A 15-g sample of radioactive iodine decays in such a way that the mass remaining after t days is given by m(t) = 15e^(−0.051t), where m(t) is measured in grams. After how many days is there only 3 g remaining?
Solve 3 = 15 e^(−0.051t) for t
0.2 = e^(−0.051t)
ln (0.2) = -1.609 = -0.051 t
t = 31.6 (days)
Well, it seems like the radioactive iodine is going on a strict diet!
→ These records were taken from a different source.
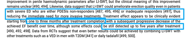 LISWT 也可能改善重度 ED 患者的勃起质量,包括对 PDE5 抑制剂(PDE5Is)无反应者或反应不足者,从而减少对更侵入性治疗的即时需求。治疗效果通常在疗程结束后 1–3 个月开始出现临床可见改善,随后已获得的勃起功能获益会随时间逐渐下降;不过,部分效果在治疗后最长可达 5 年仍可检测到。
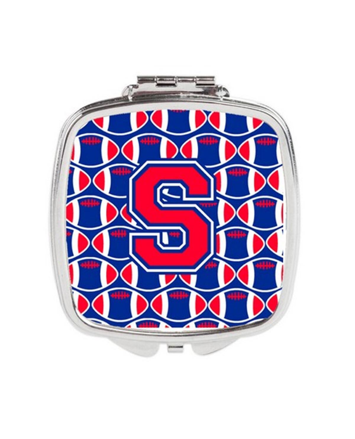 Carolines Treasures CJ1076-SSCM Letter S Football Harvard Crimson & Yale Blue Compact Mirror
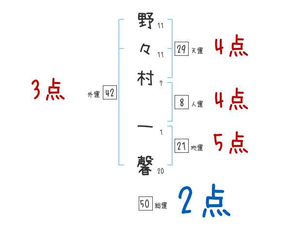 総運![]() | 野々村一馨さんの総運は50画の2つ星!浮き沈みが激しく不安定。しりすぼみに衰退しやすいので注意しましょう。 あなたの人生を表す1番重要な運勢です。生涯を通じて影響する総合運となり、主に50歳以降の晩年期に影響を及ぼします。 |
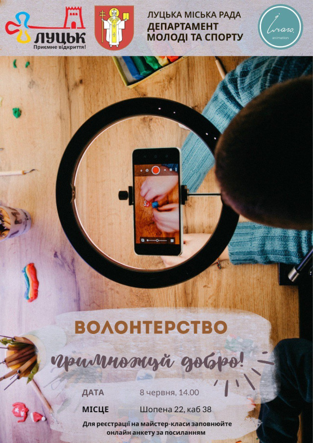 Департамент молоді та спорту Луцької міської ради спільно з ГО «ІМАГО» організовують майстер-клас із анімації для підлітків та молоді з тематики волонтерства.
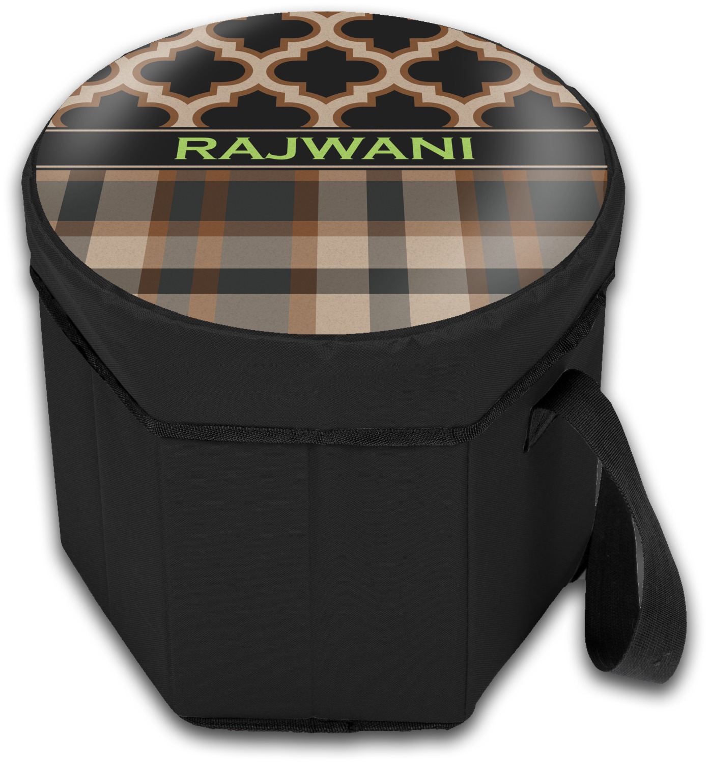 Our collapsible insulated coolers feature a unique six-sided hexagon shape, are lightweight, durable and can be turned into a seat. This cooler is fully insulated with silver foil lining to keep food and drinks hot or cold, and has a 12-quart capacity. Although this cooler collapses for easy transport, hidden inside are composition panels made of sturdy wood that give the frame strength and allow this cooler to be used as a seat. Simply sit down on the personalized cover and give your legs a break! (Maximum weight capacity of 200 pounds.)
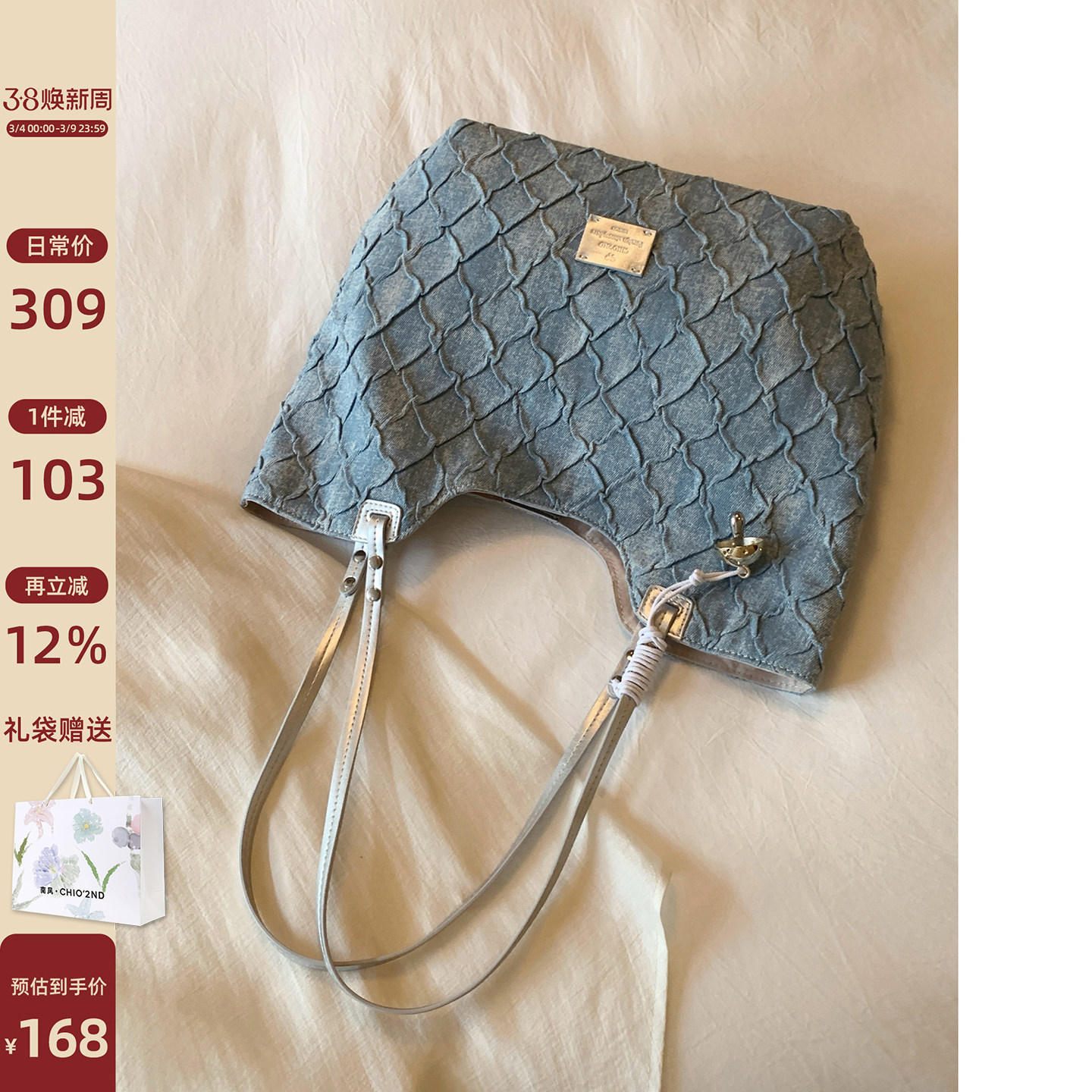 南风Chio2nd 浅草絮语托特包包女秋冬上班通勤包牛仔蓝手提单肩包
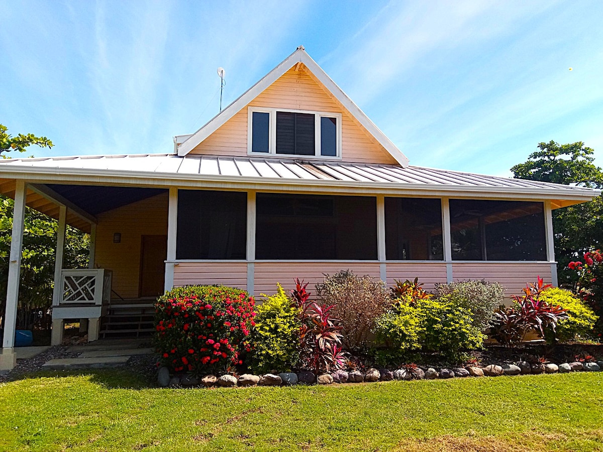 Our wonderful house is located in a quiet and safe area of Utila. On our open lush property, we grow a variety of fruits. You can enjoy the tranquility and view from the hammock on the elevated balcony. The public beach, town center, dive shops, gym and groceries stores are within walking distance. The house has 2 airy bedrooms, an open fully equipped kitchen and living room plus private bathroom. Come and enjoy this tropical Paradise.

To find out how many days it takes for there to be only 3 grams remaining, we can set up an equation.
We know that m(t) = 15e^(-0.051t), where m(t) represents the mass remaining after t days. We want to find the value of t when m(t) equals 3 grams. So, we can set up the equation:
3 = 15e^(-0.051t)
Now, let's do some "math"emagics to solve this equation:
3/15 = e^(-0.051t)
1/5 = e^(-0.051t)
To untangle this exponential equation, we can take the natural logarithm of both sides:
ln(1/5) = -0.051t
Now, let's do some more calculations:
t = ln(1/5) / -0.051
And when you plug this into a handy calculator or do some number crunching, you'll find that t ≈ 28.8084.
So, after approximately 28.8084 days, there will be only 3 grams of radioactive iodine remaining. Just long enough for it to show up on a scale and then make a swift exit.
To find the number of days after which there is only 3g remaining, we need to solve the equation m(t) = 3.
Given:
m(t) = 15e^(-0.051t)
m(t) = 3
We can set up the equation as follows:
15e^(-0.051t) = 3
To isolate the exponential term, divide both sides of the equation by 15:
e^(-0.051t) = 3/15
Simplifying the right side gives:
e^(-0.051t) = 1/5
To solve for t, take the natural logarithm (ln) of both sides of the equation:
ln(e^(-0.051t)) = ln(1/5)
Simplifying the left side using the property ln(e^x) = x:
-0.051t = ln(1/5)
Now, divide both sides of the equation by -0.051:
t = (ln(1/5)) / -0.051
Using a calculator, evaluate the right side:
t ≈ 54.8
Therefore, there will be only 3g remaining after approximately 54.8 days.
To find out after how many days there is only 3 g of the radioactive iodine remaining, we need to solve the equation m(t) = 3, where m(t) represents the mass remaining after t days.
The given equation for the mass remaining after t days is m(t) = 15e^(-0.051t).
Setting m(t) = 3, we have:
3 = 15e^(-0.051t)
To solve this equation for t, we will use logarithms.
First, divide both sides of the equation by 15:
3/15 = e^(-0.051t)
0.2 = e^(-0.051t)
Next, take the natural logarithm (ln) of both sides of the equation:
ln(0.2) = ln(e^(-0.051t))
Using the logarithmic property ln(e^x) = x, we simplify further:
ln(0.2) = -0.051t
Now, divide both sides of the equation by -0.051:
ln(0.2)/(-0.051) = t
Using a calculator, find the value of ln(0.2)/(-0.051):
t ≈ 76.8
Therefore, after approximately 76.8 days, there will be only 3 g of radioactive iodine remaining.